An erect ear carriage is not one natural to the Miniature Schnauzer breed. So, in order to achieve a look similar to the dog in the picture you need to begin a procedure called 'taping' at a very young age. How old is your dog? If he/she is already out of the growing stage there really isn't much that can be done.


----------



## Nargle (Oct 1, 2007)

How old is he? I think after a certain age there isn't much you can do about it. But if he's still a puppy, you could try researching how to tape your dog's ears. I don't really know how to do it myself, but I'm sure there are a lot of guides on the internet. Also, did you get him from a breeder? It might help to call them up and ask them!


----------



## animalcraker (Nov 9, 2006)

From the AKC standard


> Ears - When cropped, the ears are identical in shape and length, with pointed tips. They are in balance with the head and not exaggerated in length. They are set high on the skull and carried perpendicularly at the inner edges, with as little bell as possible along the outer edges. When uncropped, the ears are small and V-shaped, folding close to the skull.


Thier ears should not naturally stand up, and if you do want them to stand then they need to be croped.


----------



## all4thedogs (Sep 25, 2006)

How old is this dog and at what age where his ears cropped? Did you get taping instructions from your vet or breeder? How long have you been taping and how long do you let his ears down at a time? 

If your dog was not cropped, his ears will not stand. Also if he is finished teething and his ears arent up, the chances his ears will stand are greatly decreased. 

If you give us a bit more information we may be able to help you. There are some taping methods and supplements that can help ears stand in some dogs


----------



## RonE (Feb 3, 2007)

I'm sure it's just me, but I'm partial to the uncropped ears.

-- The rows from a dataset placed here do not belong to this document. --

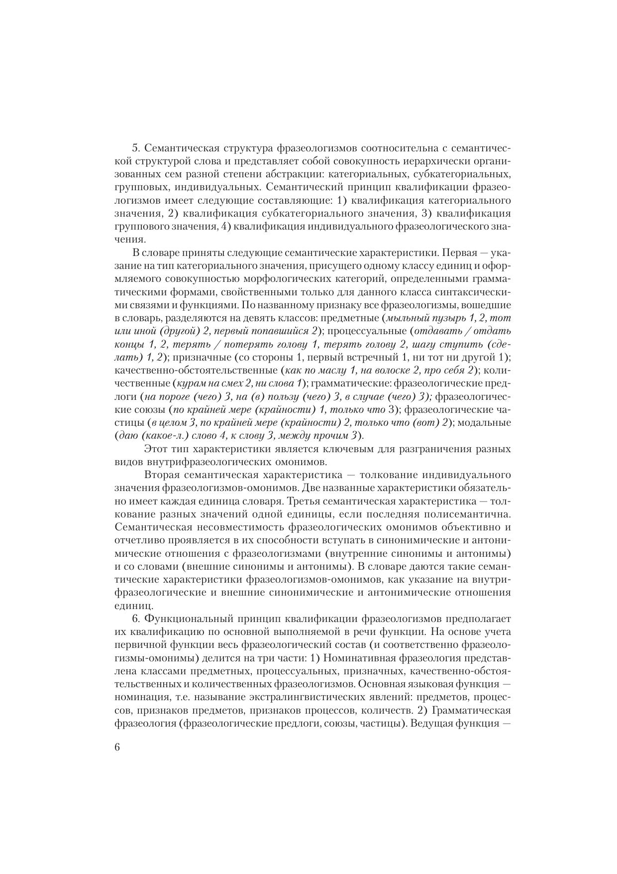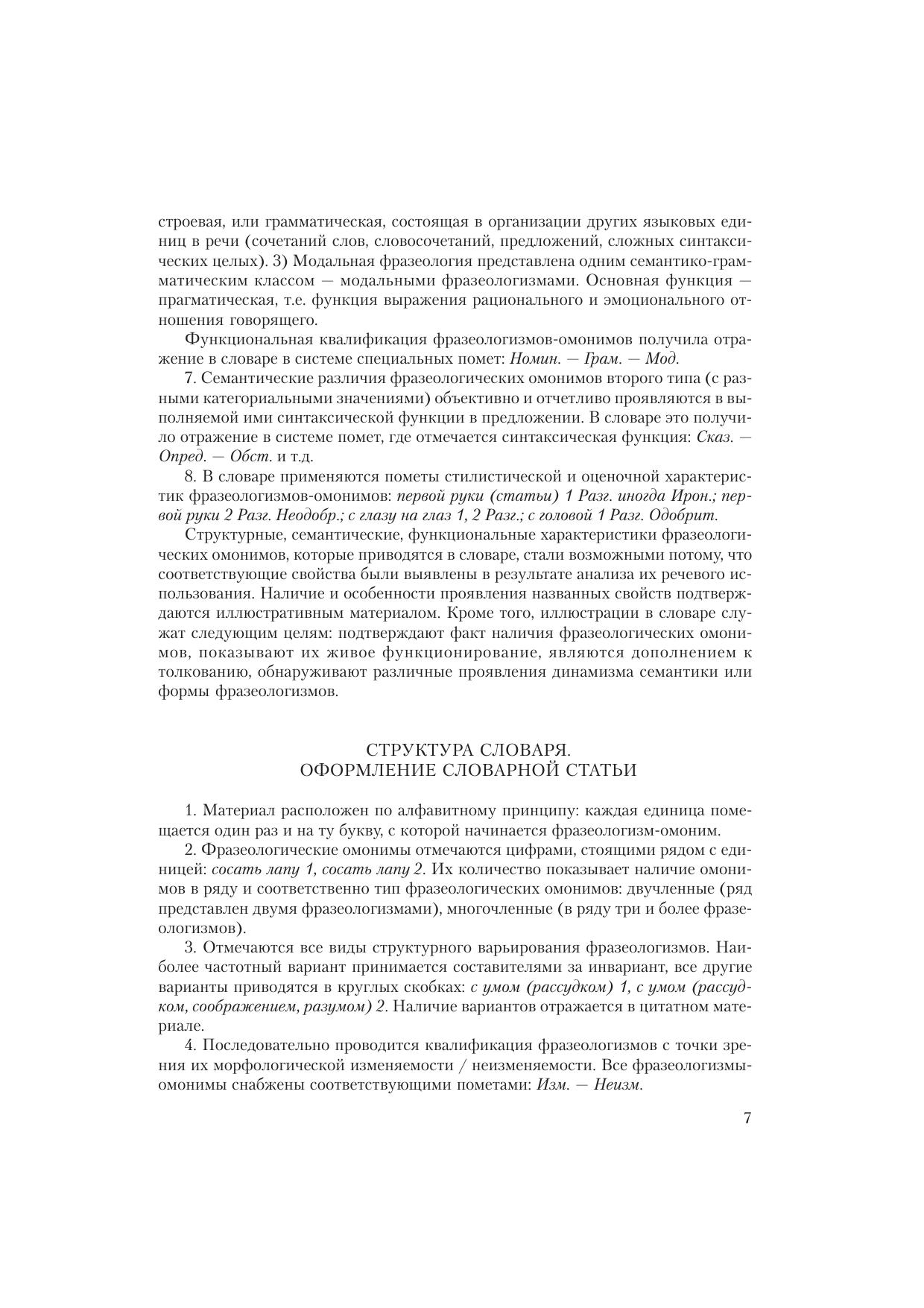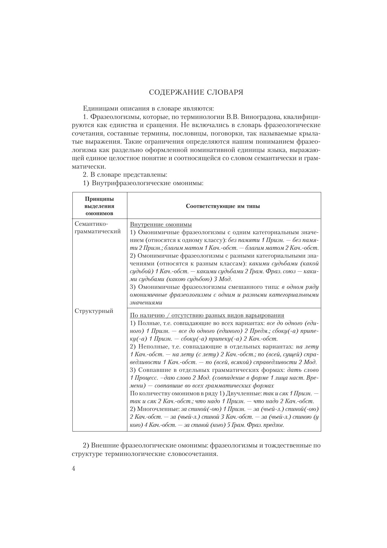 Словарь включает 868 фразеологических омонимов разных типов. Каждая словарная статья содержит истолкование фразеологизма, тип категориального значения, грамматическую, стилистическую характеристики и т.д. В качестве иллюстраций использованы цитаты из литературных текстов, прессы, разговорной речи. Аналогов данному словарю в современной лексикографии нет.
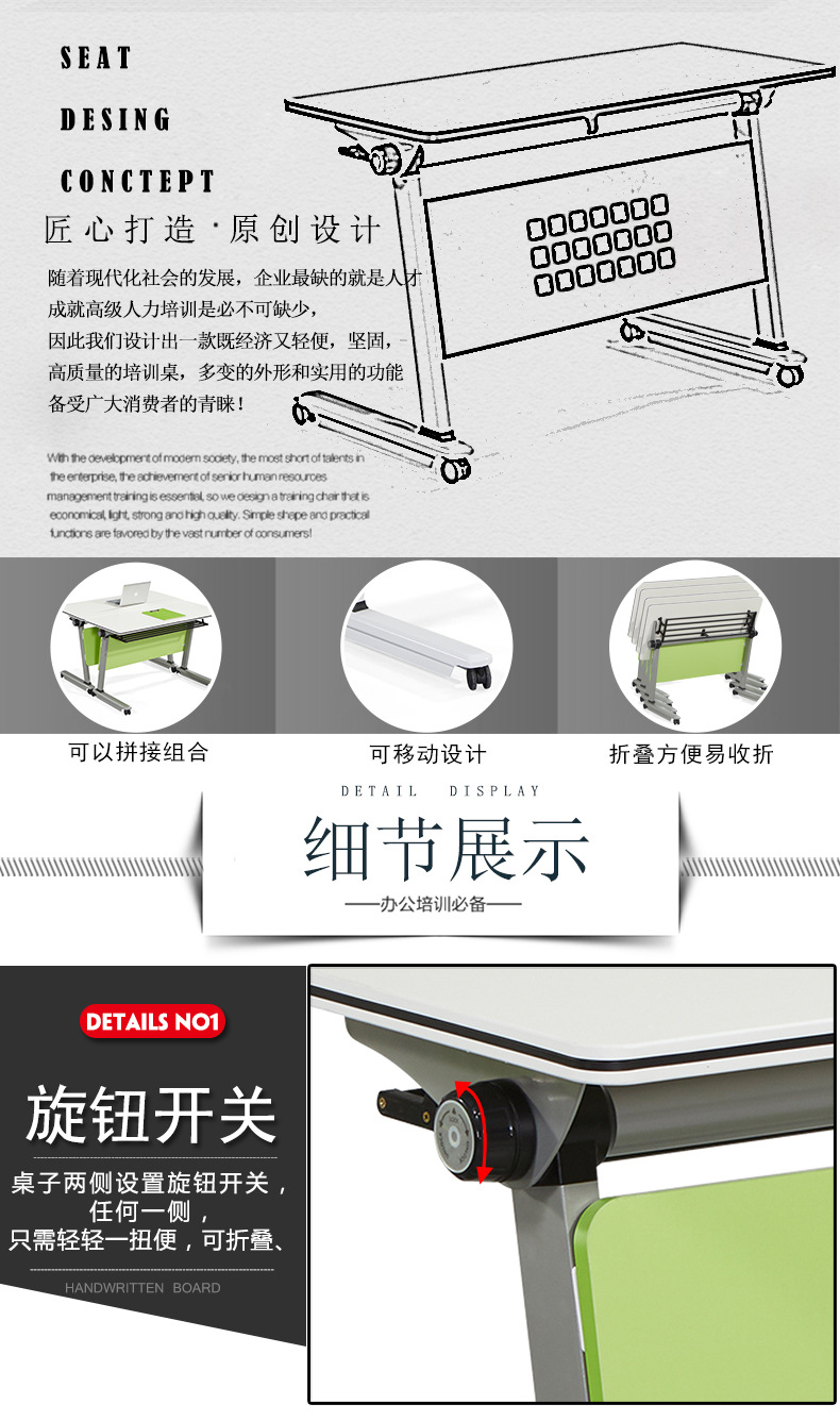 商品名称: 拼接折叠桌翻板桌可移动多功能办公会议桌培训桌长条桌组合桌11
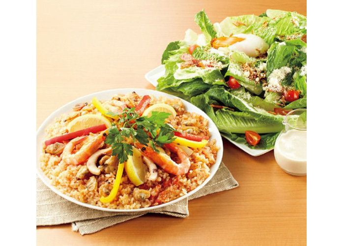 今なら、「海鮮とチキンのパエリア&ロメインレタスのシーザーサラダ」がスペシャルメニューとして登場!
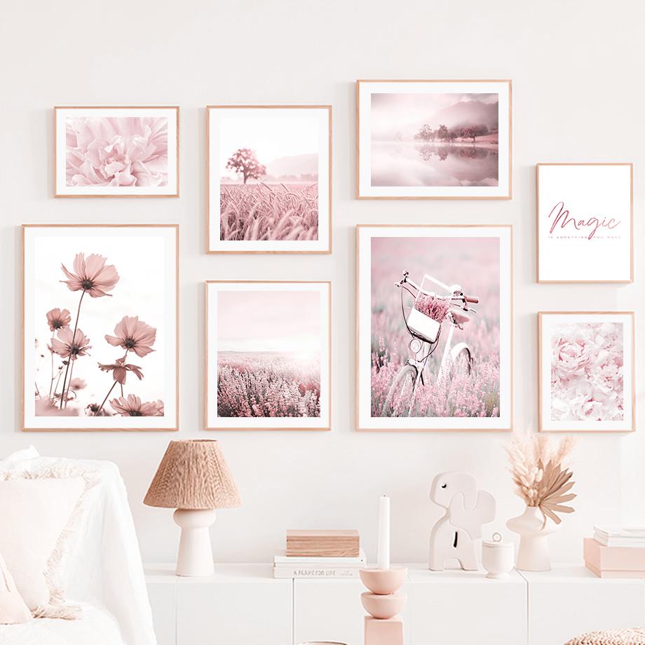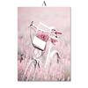 Розовый пион, озеро, велосипед, дерево, восход солнца, цветочный настенный художественный холст, картина, плакаты на скандинавскую тему и принты, настенные панно для декора гостиной
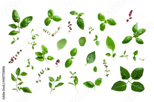 Fresh Basil Sprout: A vibrant collection of fresh basil leaves and sprigs, arranged in a delicate pattern against a pure white background.
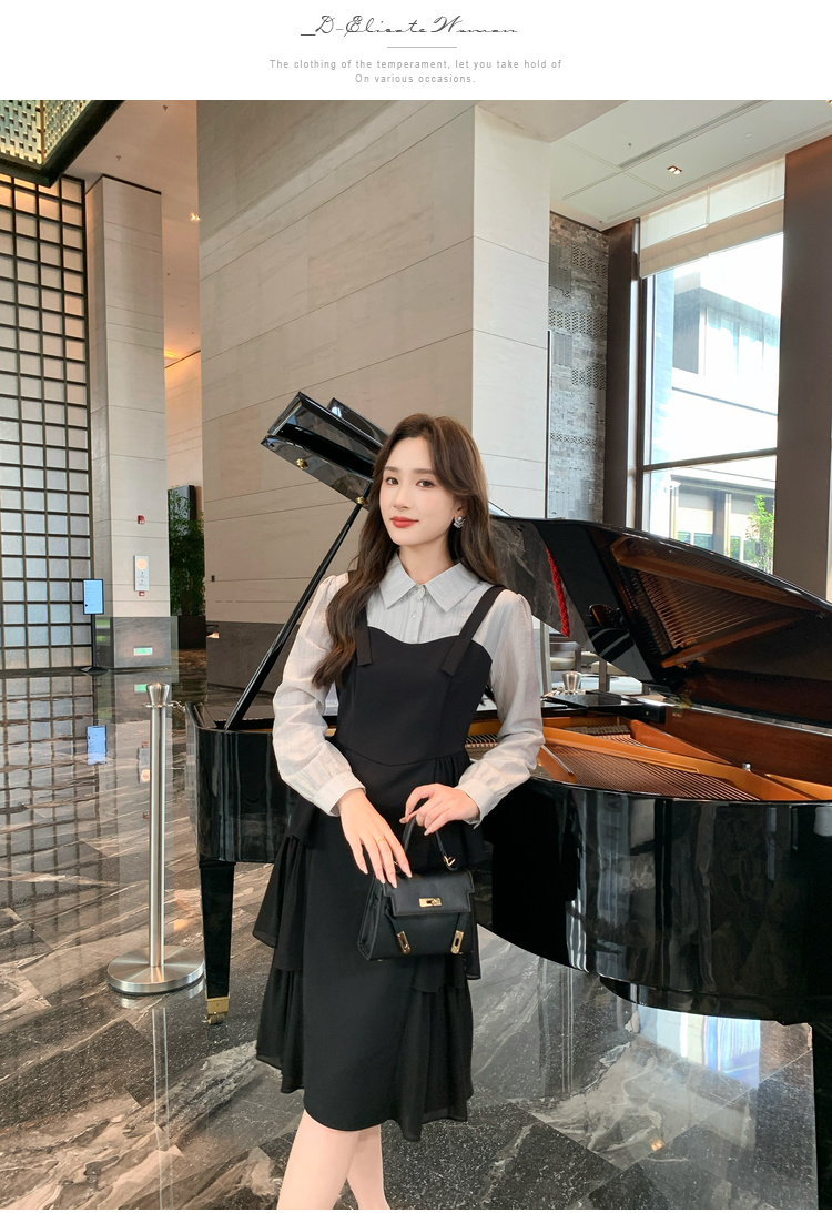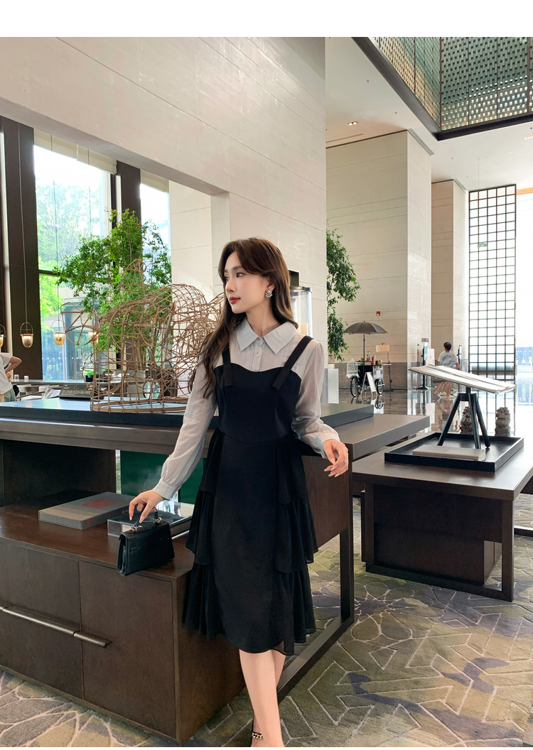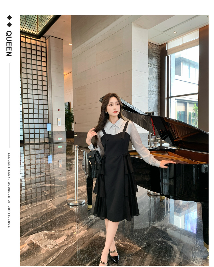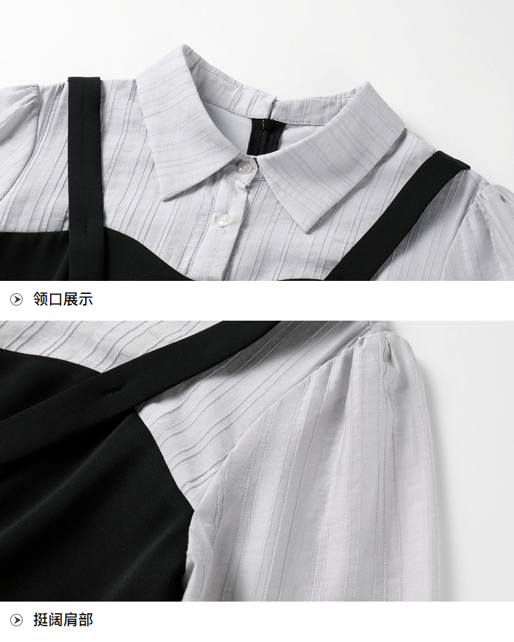 奢姿大码女装2024秋季气质翻领裙子胖妹妹假两件拼接时尚连衣裙9943826658

Of course, it's your choice, but the opportunity to make that choice may have already passed.


----------



## o_s_a (Jan 6, 2008)

Thanks for the replies. 

He's about 3 months old. Is that too late for his ears to be taped?


----------



## tirluc (Aug 29, 2006)

i agree w/ Ron....they are sooooo much cuter w/ uncropped, natural ears......


----------



## crazydays (Jul 24, 2007)

I agree- love the schnauzers uncropped!! I was given the option to have her ears cropped by the breeder which leads me to believe this is done when they are just young pups. Your schnauzer is a cutie!! RonE-love the photo!


----------



## Dakota Spirit (Jul 31, 2007)

You guys - I don't think she is asking about cropping. To get the look of stand up ears (such as the ones in the OP example picture) there is no cropping involved.


----------



## TeddieXRuxpin (Sep 11, 2007)

That is done before the cartilage has completely formed and gotten hard. That is done at a very younge age and at 3 months that has already passed.

I had a past schnauzer and the whole family wished his ears hadn't been cropped and standing. Pretty much every Schnauzer I've seen would be cuter without standing ears.


----------



## crazydays (Jul 24, 2007)

ok- I am learing something new.


----------